In this work, we will illustrate the proposed methodology applied to geographical rate classification problems in insurance regulation using a real dataset coming from an auto insurance regulator in Canada. The dataset includes the reported loss information from all auto insurance companies within the province for accident years 2009–2011. It consists of geographical information of loss in terms of postal codes, reported claim amount and earned exposures. The geographical information refers to the residential places of insured drivers who had reported the loss, rather than the place where the insured suffered the accident. This is because that insurance regulation does not keep track of the details of how loss has happened. The reported loss is the projected ultimate loss, and they are losses from all coverages. The earned exposures refer to the total number of insured vehicles within a year. In this dataset, we first retrieved all postal codes that are associated with the same FSA. For each FSA, the postal codes were further geo-coded using a geo-coder. We then used the geo-coding of postal codes within each FSA to estimate the geo-coding of the given FSA by simply taking the average of geo-coding along each dimension. Here, the geo-coding included the information of both latitude and longitude. For each FSA, the average loss cost was calculated by dividing the three-year total loss within each FSA by the three-year total number of earned exposures within the same FSA. The mean and standard deviation of loss cost by FSA were 2134 and 1553, respectively. The mean and standard deviation of earned exposures by FSA were 12649 and 9039, respectively. The obtained latitude, longitude and the associated loss cost for each FSA were the input of the clustering algorithm. Table 1 summaries the data information for the first twenty FSA. From the table, we observe that the loss costs were different among the FSA, but some were similar to each other. Furthermore, there were some FSA containing small values of earned exposure, which may indicate that those FSA need to be re-grouped to their neighbouring FSA to obtain a larger geographical area so that the clustering is more credible.

3. Methods

In regulating auto insurance premium rates, average loss cost (or loss cost for short), i.e., pure premium, is often used as a key variable to differentiate the loss level of each designed territory. Loss cost per geographical rating unit is calculated by dividing the total loss (in terms of dollar amount) within a given rating unit by the total number of earned exposures, i.e., the total amount of time (policy year) that all policies were in effect Frees (2014). In rate classification, the territory design is to make sure that the total number of exposures in a given territory is sufficiently large so that the estimate of loss cost within a territory is credible. On the other hand, the loss cost of basic rating units within a designed territory must be similar. This implies that classification of risk in rate regulation is to find a suitable number of rating territories. These designed territories must also satisfy the contiguity constraint that is set by legal requirements. This is to ensure both the homogeneity and credibility of designed territories. Often, a larger size of rating territories or a smaller total number of rating territories is easier to satisfy the full credibility requirement, but the homogeneity requirement is not. How to achieve the homogeneity and credibility becomes the major focus of this research. Furthermore, in rate regulation, many regulators in Canada require that each territory should contain only their neighbours and cannot include any rating units that cross the boundary between territories. For example, see Wipperman (2004) and the references therein. The main reason for this constraint is due to the legal issue in rate regulation. It is often referred to as the geographical or spatial contiguity constraint, which inspires us to consider a clustering with geo-coding. Because of the contiguity constraint, we propose a two-step solution by first conducting a clustering on loss cost with the spatial contiguity constraint and then refining the results by improving the homogeneity.

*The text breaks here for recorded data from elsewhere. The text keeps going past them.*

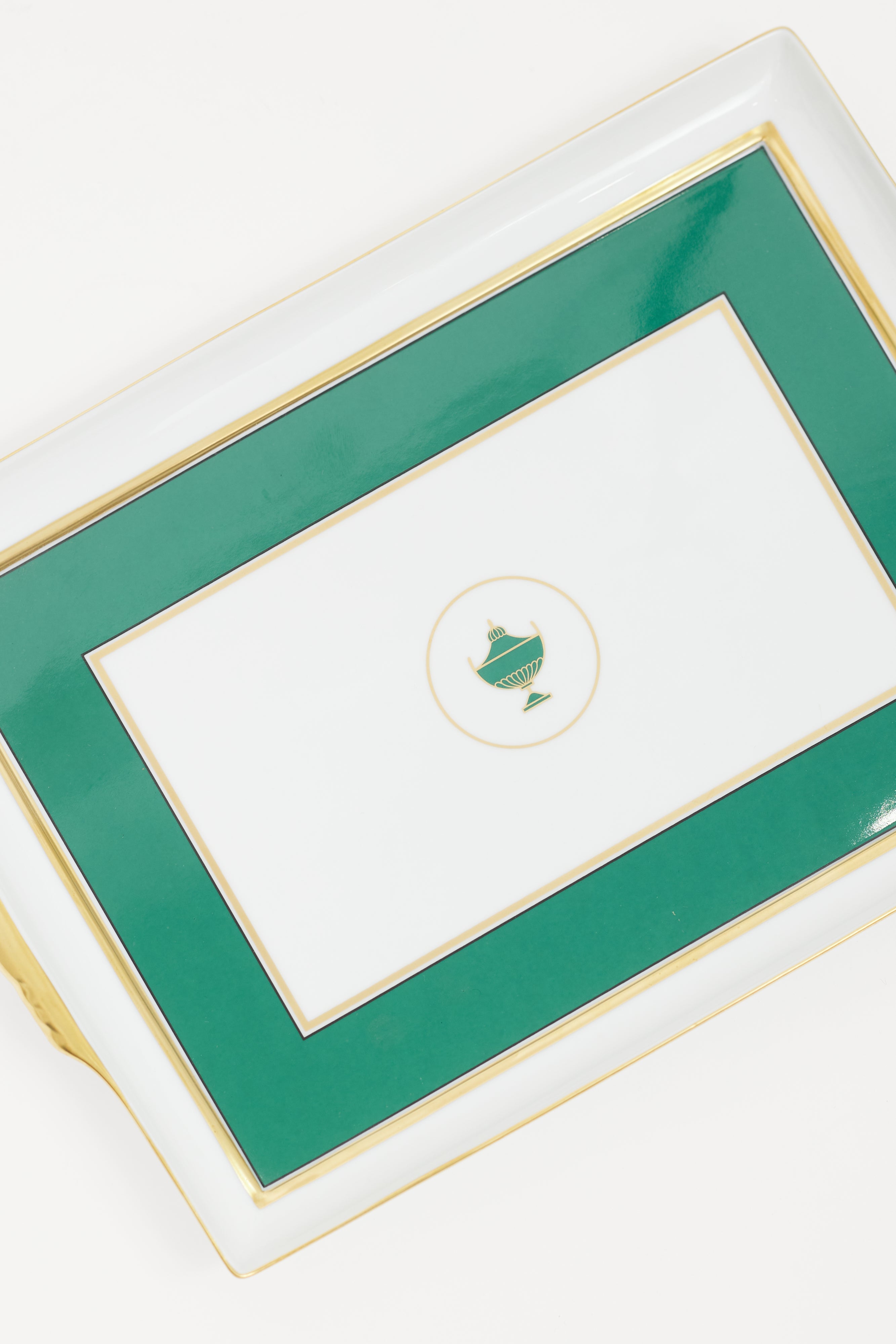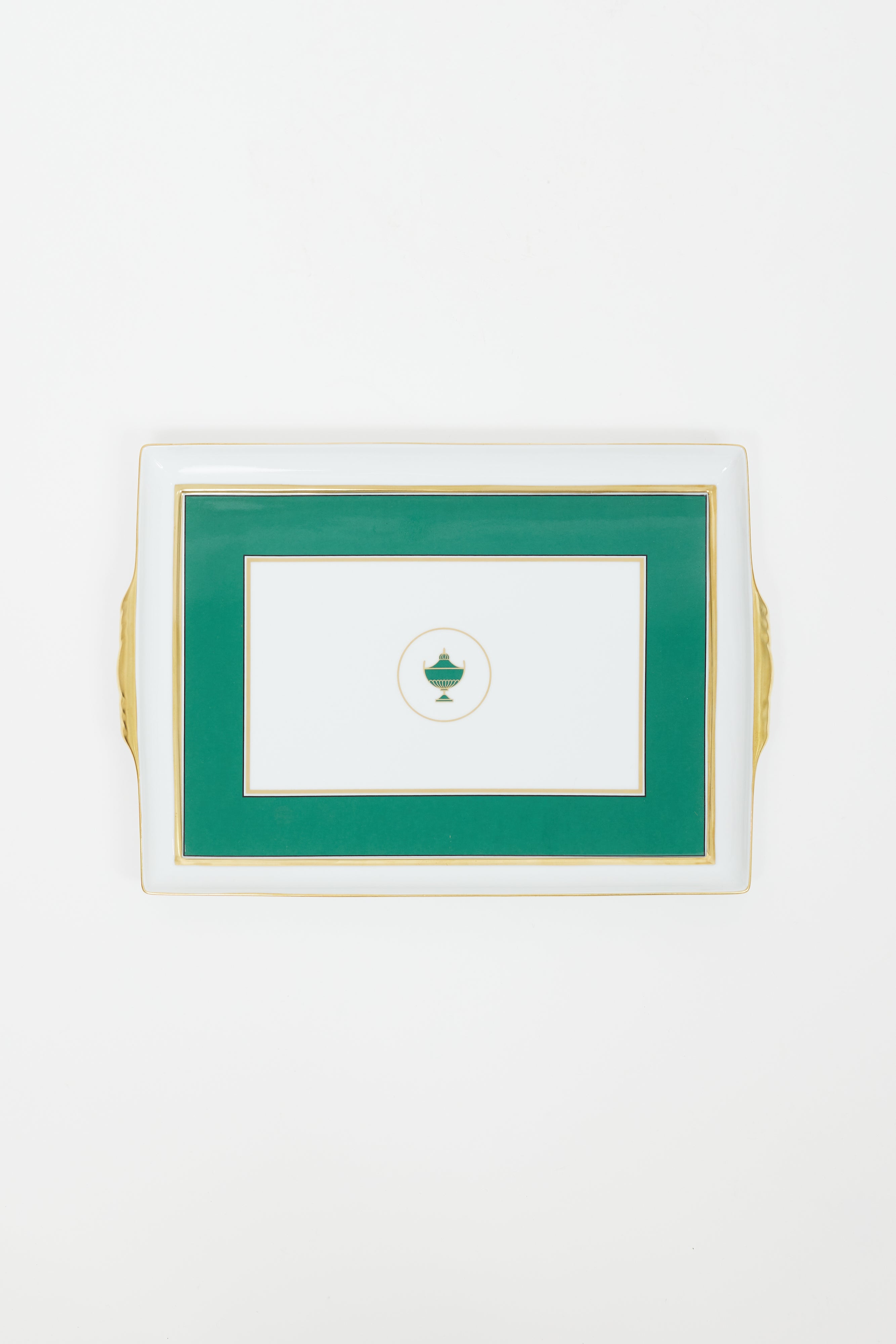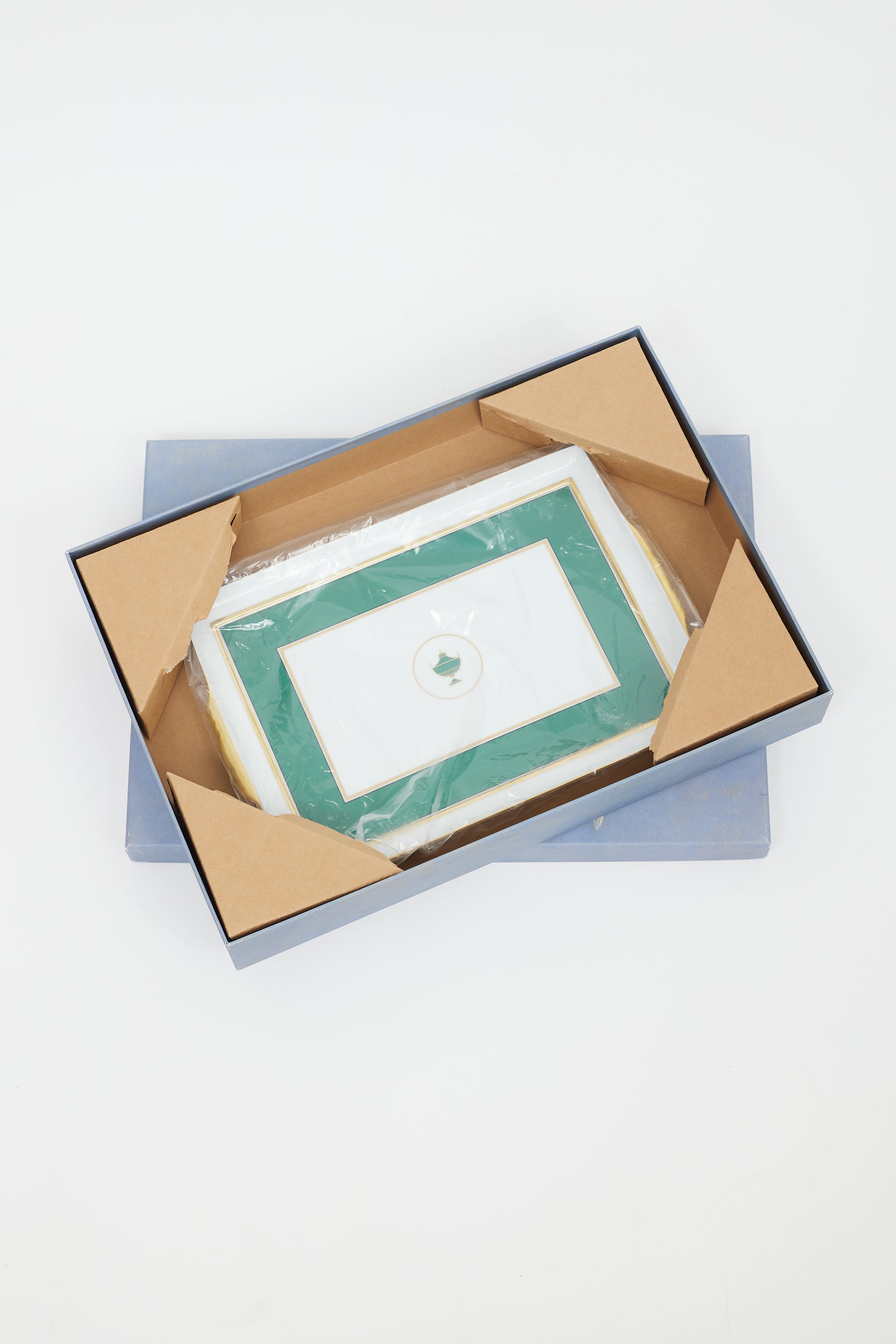 Pre-owned Richard Ginori 1735 white and emerald green porcelain Contessa Rectangular Platter featuring shallow depth, centre motif, pure gold threading, shaped handles, and dilaccatura finish. Comes with original box.
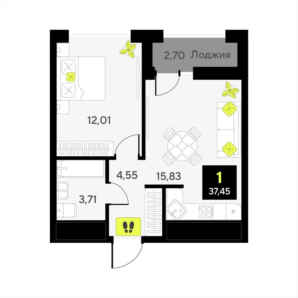 общая 37,45 м2, жилая 12,01 м2, кухни 0 м2 |
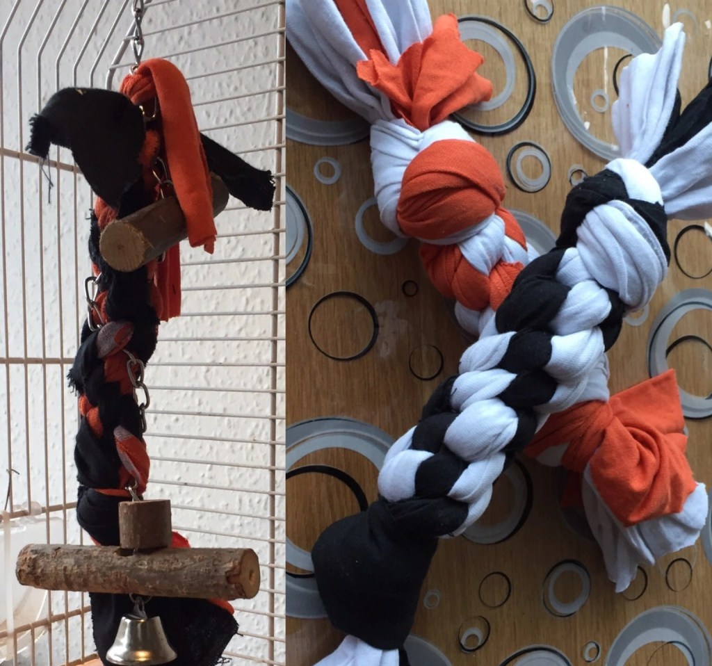 Hundelegetøjet/Fuglelegetøjet er lavet ude af et par gamle t-shirts og et gammelt lagen (men alt stof kan bruges) Til fuglelegetøjet er der brugt yderligere en kæde (trukket igennem rebet) og 3 pinde genbrug fra et andet stykke fuglelegetøj.
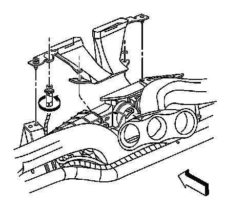 3. Install the two push on retainers holding the defroster duct to the HVAC module assembly.
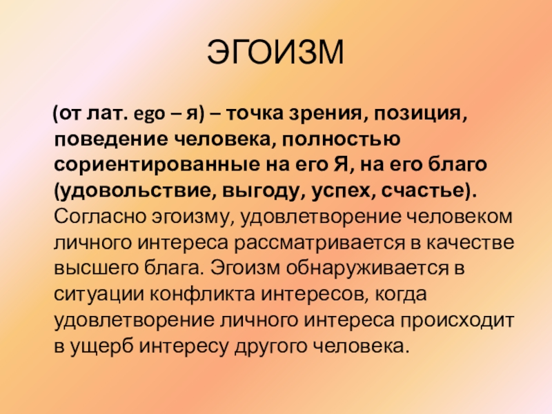 позиция, поведение человека, полностью сориентированные на его Я, на его благо (удовольствие, выгоду, успех, счастье). Согласно эгоизму, удовлетворение человеком личного интереса рассматривается в качестве высшего блага. Эгоизм обнаруживается в ситуации конфликта интересов, когда удовлетворение личного интереса происходит в ущерб интересу другого человека.
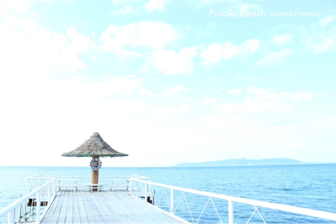 今回泊まったホテルをご紹介します。 フサキリゾートヴィレッジです。 島の西南側のビーチに面していて、 ホテルのプライベートビーチからのサンセットが有名だそうです。 (是非[公式サイト]でお写真をご覧になってください) 今回お天気に期待してなかったから、1日も日の入り時刻に宿にいる設定にしていなくて、 もったいないことをした。。。また行かなきゃ。 写真はそのビーチの桟橋。 大晦日は午前中まで雨だったそうだけど、午後私たちが着く頃には、 少しずつ雲が減っていきました。
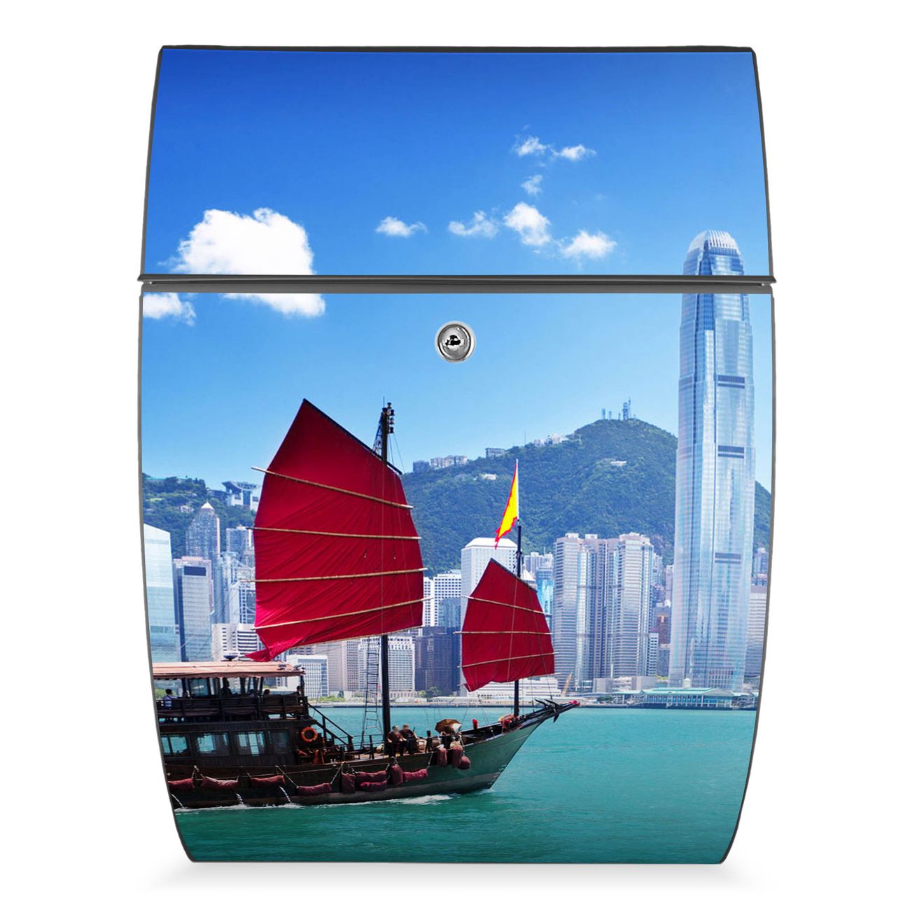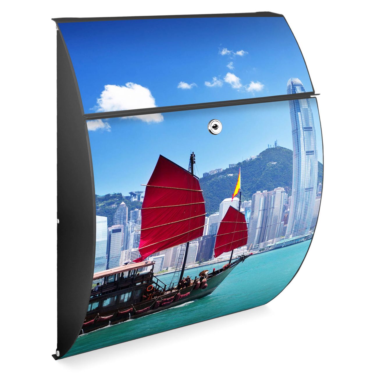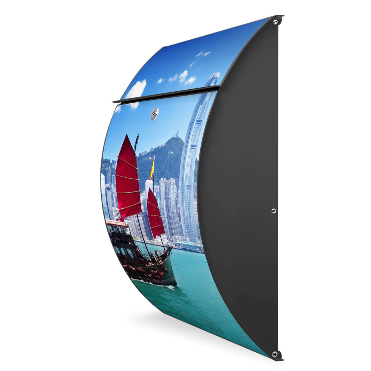 FUNKTION: DESIGN: Das Modell Riviera mit Motiv Hong Kong hat ein sehr ansprechendes und zeitloses Design. Heben Sie Sich von der tristen grauen Masse ab, ohne auf Funktionalität zu verzichten. Der integrierte Öffnungsstopp ermöglicht eine einfache Handhabung beim Entnehmen der Post. DETAILS: Der Postkasten besteht aus vollflächig verzinktem Stahl welcher in Anthrazit lackiert wurde. Das Motiv besteht aus einer wetter- und UV-festen Folie, die mit einem Schutzlaminat überzogen ist, durch die Ihren Briefkasten zusätzlich vor Kratzern geschützt ist. Sie erhalten 2 Schlüssel sowie das passende Montagematerial. NUTZEN: Sie können den Briefkasten sowohl als Wandbriefkasten montieren oder einen passenden Ständer kaufen und als Standbriefkasten einbetonieren. Die Größe bietet genügend Platz für Sendungen aller Art, der Einwurf fasst auch größere A4 Sendungen. BANJADO: Ihr Briefkasten wird in Sachsen in einer kleinen Manufaktur von Hand veredelt. Die Motivfolie ist lösungsmittelfrei und schutzlaminiert, dies sorgt für einen langen Halt. Wir legen großen Wert auf die Verbindung von Funktionalität und Design. Sie erhalten Handarbeit aus Sachsen.

3.1. Geo-Coding and Weighted Clustering

In auto insurance, territorial classification of risk is one of the important aspects due to the fact that territorial information of drivers is an important risk factor in pricing. In Canada or the USA, auto insurance loss data used for insurance rate regulation contain residential information of policyholders (i.e., postal codes), reported claim amount, reported number of claims, accident year, type of coverage, etc. For regulation purposes, the loss amount and risk exposures are aggregated by geographical area, such as postal codes. The insurance regulators then use all of the insurance loss data to further derive the loss cost by postal codes, which provides a basic risk unit (at the postal code level) for the further consideration of territorial risk classification. However, as was mentioned in the proceeding section, often, loss cost at a postal code level is less credible for regulation purposes as it may not cover enough number of reported claims. Therefore, to better reflect its nature of loss level, we have to consider a rating unit that includes a larger size of exposures so that the loss cost estimate becomes more credible. In this work, we will define FSA as a basic geographical rating unit. We will propose an approach that codes each FSA using measures of latitude and longitude. The centroid of FSA was computed by using the geo-coding of each postal code within the FSA. It was determined by averaging, respectively, the latitude values and the longitude values of the postal codes within each FSA.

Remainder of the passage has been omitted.